* **DATA SHOWN**:

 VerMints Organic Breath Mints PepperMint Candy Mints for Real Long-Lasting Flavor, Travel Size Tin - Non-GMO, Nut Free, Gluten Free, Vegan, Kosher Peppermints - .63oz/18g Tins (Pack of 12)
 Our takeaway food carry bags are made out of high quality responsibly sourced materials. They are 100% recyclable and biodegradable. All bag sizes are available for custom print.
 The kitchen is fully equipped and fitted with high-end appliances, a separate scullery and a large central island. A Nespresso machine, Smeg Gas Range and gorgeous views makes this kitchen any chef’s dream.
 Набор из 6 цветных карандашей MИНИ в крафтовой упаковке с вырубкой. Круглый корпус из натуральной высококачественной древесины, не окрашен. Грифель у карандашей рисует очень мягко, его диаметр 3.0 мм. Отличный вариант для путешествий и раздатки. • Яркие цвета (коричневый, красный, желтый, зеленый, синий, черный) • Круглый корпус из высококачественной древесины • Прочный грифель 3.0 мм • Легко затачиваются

* * *

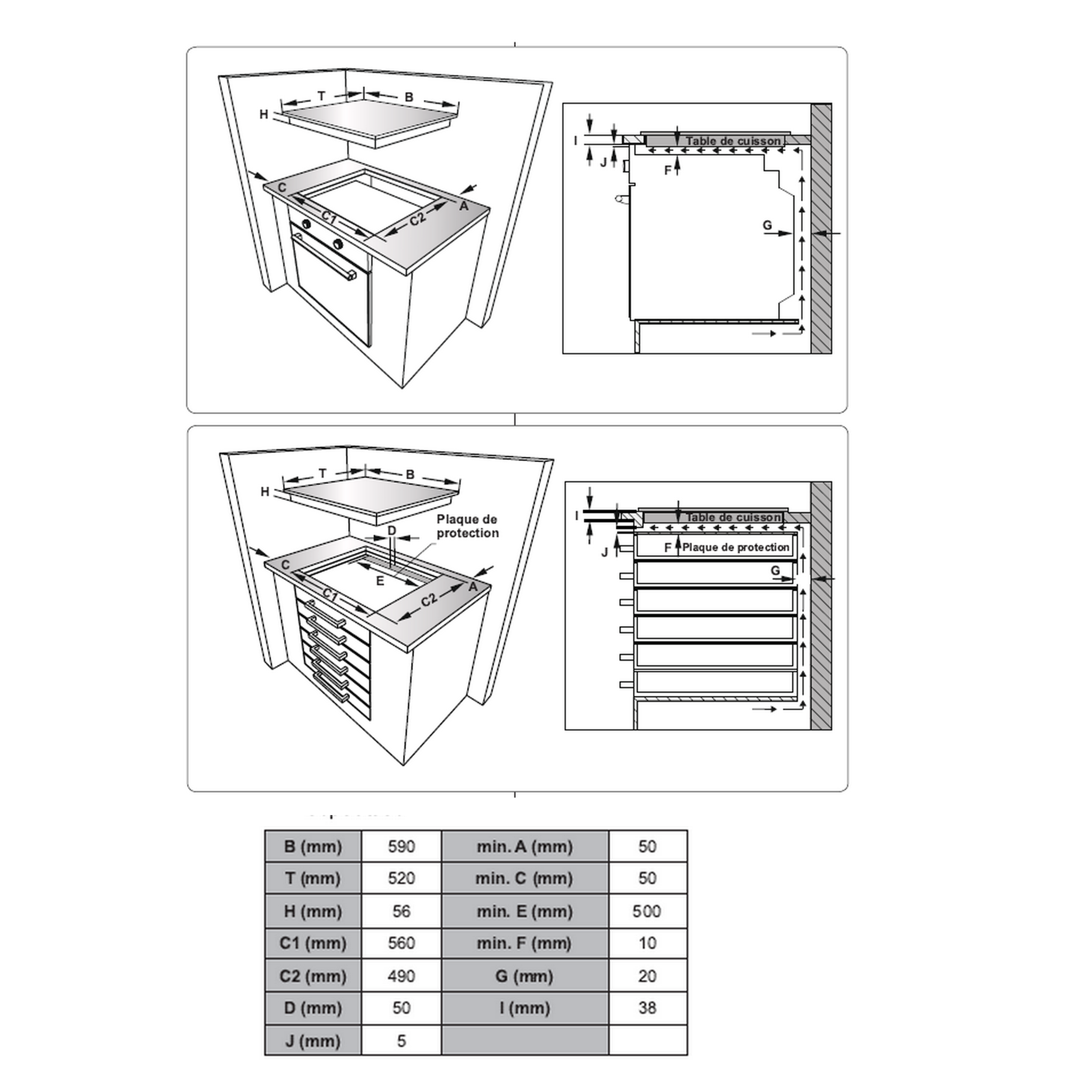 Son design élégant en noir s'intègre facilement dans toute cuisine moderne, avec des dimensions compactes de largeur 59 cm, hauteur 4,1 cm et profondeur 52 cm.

* * *

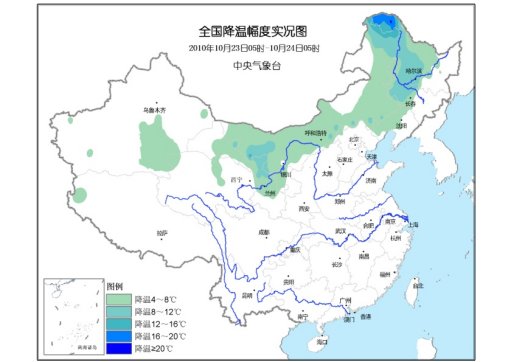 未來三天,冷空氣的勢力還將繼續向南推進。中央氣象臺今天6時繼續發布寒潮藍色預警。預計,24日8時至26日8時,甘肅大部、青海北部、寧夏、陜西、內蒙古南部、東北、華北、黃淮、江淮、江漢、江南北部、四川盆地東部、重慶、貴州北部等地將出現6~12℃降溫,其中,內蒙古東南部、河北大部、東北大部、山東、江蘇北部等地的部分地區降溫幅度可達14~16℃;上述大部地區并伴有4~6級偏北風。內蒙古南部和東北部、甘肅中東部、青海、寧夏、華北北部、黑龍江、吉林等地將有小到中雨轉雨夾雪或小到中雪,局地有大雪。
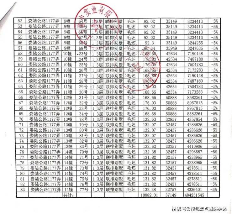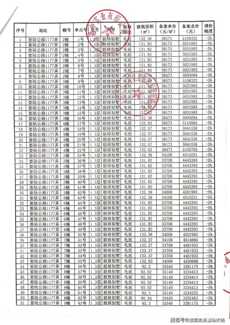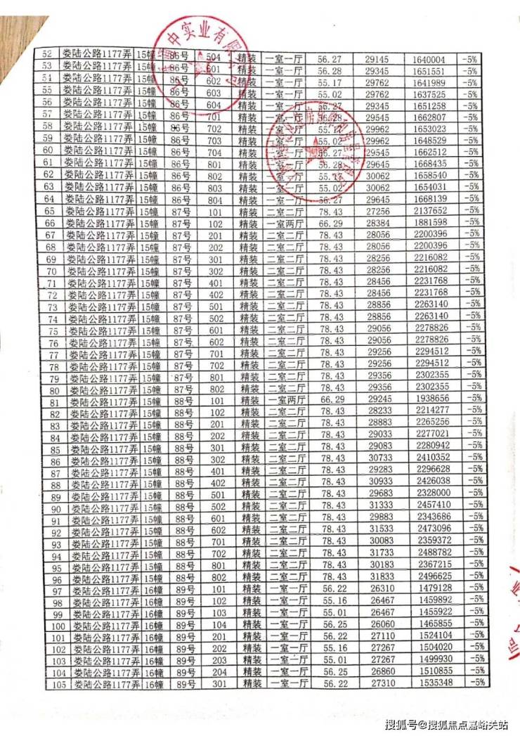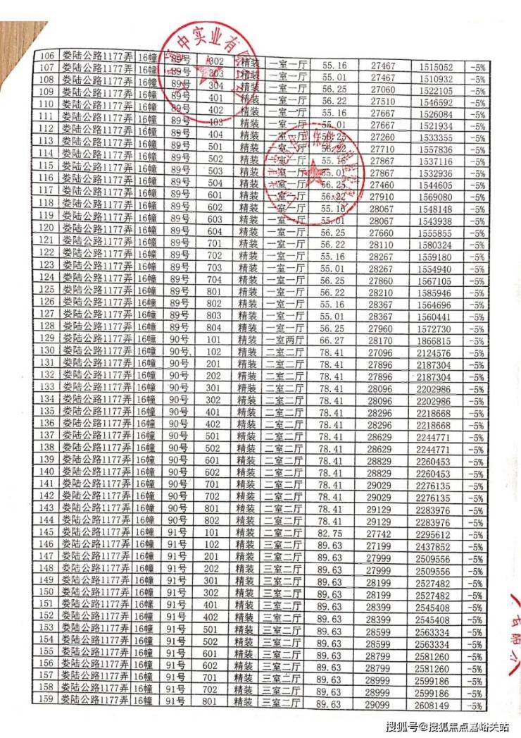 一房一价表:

* **ASSIGNMENT**:
Look above for the line containing "VerMints Organic Breath". Output from there through the line containing "Набор из 6 цветных", exactly and inclusively.

* **PROBLEM SOLUTION**:
 VerMints Organic Breath Mints PepperMint Candy Mints for Real Long-Lasting Flavor, Travel Size Tin - Non-GMO, Nut Free, Gluten Free, Vegan, Kosher Peppermints - .63oz/18g Tins (Pack of 12)
 Our takeaway food carry bags are made out of high quality responsibly sourced materials. They are 100% recyclable and biodegradable. All bag sizes are available for custom print.
 The kitchen is fully equipped and fitted with high-end appliances, a separate scullery and a large central island. A Nespresso machine, Smeg Gas Range and gorgeous views makes this kitchen any chef’s dream.
 Набор из 6 цветных карандашей MИНИ в крафтовой упаковке с вырубкой. Круглый корпус из натуральной высококачественной древесины, не окрашен. Грифель у карандашей рисует очень мягко, его диаметр 3.0 мм. Отличный вариант для путешествий и раздатки. • Яркие цвета (коричневый, красный, желтый, зеленый, синий, черный) • Круглый корпус из высококачественной древесины • Прочный грифель 3.0 мм • Легко затачиваются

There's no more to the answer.